A variety of defects has been selected and analyzed using a candidate gene approach. To date genetic variants (single nucleotide polymorphisms) have been identified and the results reported in the literature for:
Additional defects are currently being examined. Because of the very large number of affected children included in this study, it has been possible to examine relatively rare conditions such as non-syndromic omphalocele.

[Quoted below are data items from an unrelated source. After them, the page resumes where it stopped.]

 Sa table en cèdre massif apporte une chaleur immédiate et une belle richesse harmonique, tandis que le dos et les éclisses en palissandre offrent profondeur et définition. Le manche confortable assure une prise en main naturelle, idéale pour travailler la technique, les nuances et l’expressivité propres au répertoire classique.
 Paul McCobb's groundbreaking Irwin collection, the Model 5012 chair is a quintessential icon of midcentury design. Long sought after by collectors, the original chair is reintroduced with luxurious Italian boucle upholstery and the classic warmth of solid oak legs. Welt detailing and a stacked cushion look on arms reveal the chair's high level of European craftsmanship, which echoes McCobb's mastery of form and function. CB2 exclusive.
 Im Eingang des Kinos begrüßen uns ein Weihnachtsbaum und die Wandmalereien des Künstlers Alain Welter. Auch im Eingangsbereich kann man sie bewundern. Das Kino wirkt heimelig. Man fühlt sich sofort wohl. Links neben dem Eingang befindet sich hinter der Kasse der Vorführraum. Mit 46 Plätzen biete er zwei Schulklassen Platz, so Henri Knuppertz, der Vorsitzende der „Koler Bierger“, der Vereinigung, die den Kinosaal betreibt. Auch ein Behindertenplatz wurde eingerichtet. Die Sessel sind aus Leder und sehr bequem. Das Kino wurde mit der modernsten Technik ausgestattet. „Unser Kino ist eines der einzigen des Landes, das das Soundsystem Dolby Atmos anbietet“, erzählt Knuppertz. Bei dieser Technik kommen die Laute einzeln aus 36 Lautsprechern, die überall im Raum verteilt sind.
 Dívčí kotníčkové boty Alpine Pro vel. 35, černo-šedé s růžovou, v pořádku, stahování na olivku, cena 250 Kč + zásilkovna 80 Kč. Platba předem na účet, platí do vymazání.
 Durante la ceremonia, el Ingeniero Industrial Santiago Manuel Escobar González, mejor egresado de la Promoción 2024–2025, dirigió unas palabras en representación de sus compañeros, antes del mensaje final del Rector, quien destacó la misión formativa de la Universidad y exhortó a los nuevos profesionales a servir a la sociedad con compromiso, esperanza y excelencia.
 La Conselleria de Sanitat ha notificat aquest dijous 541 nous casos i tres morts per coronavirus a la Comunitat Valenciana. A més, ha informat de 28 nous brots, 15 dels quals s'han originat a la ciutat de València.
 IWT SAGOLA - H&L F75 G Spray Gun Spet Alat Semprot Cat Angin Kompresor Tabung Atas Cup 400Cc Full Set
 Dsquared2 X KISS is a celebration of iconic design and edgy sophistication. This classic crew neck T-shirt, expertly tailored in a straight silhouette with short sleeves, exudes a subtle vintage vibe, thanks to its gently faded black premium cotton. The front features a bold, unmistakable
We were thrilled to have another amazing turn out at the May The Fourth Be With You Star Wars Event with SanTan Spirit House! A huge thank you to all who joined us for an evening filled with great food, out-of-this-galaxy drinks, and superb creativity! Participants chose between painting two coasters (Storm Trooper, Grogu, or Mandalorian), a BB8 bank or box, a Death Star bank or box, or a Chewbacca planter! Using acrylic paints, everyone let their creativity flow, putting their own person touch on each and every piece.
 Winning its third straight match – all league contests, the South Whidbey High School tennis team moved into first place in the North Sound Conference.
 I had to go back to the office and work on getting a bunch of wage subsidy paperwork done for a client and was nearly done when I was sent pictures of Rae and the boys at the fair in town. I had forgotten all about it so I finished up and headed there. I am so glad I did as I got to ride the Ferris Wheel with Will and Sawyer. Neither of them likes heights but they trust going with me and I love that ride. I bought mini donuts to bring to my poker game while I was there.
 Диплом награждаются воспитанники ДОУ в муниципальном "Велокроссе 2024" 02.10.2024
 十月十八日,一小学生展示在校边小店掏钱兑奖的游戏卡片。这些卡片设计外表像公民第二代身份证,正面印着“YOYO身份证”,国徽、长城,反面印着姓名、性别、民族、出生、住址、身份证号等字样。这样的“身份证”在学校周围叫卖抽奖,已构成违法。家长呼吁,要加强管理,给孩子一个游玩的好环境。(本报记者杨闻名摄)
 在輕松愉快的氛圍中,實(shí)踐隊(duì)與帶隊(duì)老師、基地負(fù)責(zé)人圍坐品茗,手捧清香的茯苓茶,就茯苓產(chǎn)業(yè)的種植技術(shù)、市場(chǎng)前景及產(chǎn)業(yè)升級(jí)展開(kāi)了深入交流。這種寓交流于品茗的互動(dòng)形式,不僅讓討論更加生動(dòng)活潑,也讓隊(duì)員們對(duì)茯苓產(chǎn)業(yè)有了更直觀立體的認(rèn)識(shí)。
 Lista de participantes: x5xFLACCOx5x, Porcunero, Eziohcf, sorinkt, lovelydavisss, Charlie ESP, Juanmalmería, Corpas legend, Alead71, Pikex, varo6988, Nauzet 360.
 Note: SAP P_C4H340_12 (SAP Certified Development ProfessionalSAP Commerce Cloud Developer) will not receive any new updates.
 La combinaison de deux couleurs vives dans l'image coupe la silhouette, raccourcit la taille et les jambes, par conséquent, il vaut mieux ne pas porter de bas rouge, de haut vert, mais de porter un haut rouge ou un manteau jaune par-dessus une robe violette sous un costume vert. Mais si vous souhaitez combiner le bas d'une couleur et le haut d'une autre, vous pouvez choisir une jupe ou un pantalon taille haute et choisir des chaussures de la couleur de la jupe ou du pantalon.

The large number of cases has also enabled the group to make substantial contributions to consortia performing genome wide association studies. The group is currently collaborating in one such study examining craniosynostosis and another examining pyloric stenosis. The group is interested in exploring collaborations with investigators conducting such studies.
The group has recently demonstrated the feasibility of conducting genome wide studies of copy number variants using DNA obtained from blood spots. This has opened a whole new area of investigation. Because of the very large number of subjects available for study, the group has sufficient numbers to look for copy number variants associated with rare defects. Many such birth defects are now being tested for the presence of copy number variants.
James Mills, M.D., M.S.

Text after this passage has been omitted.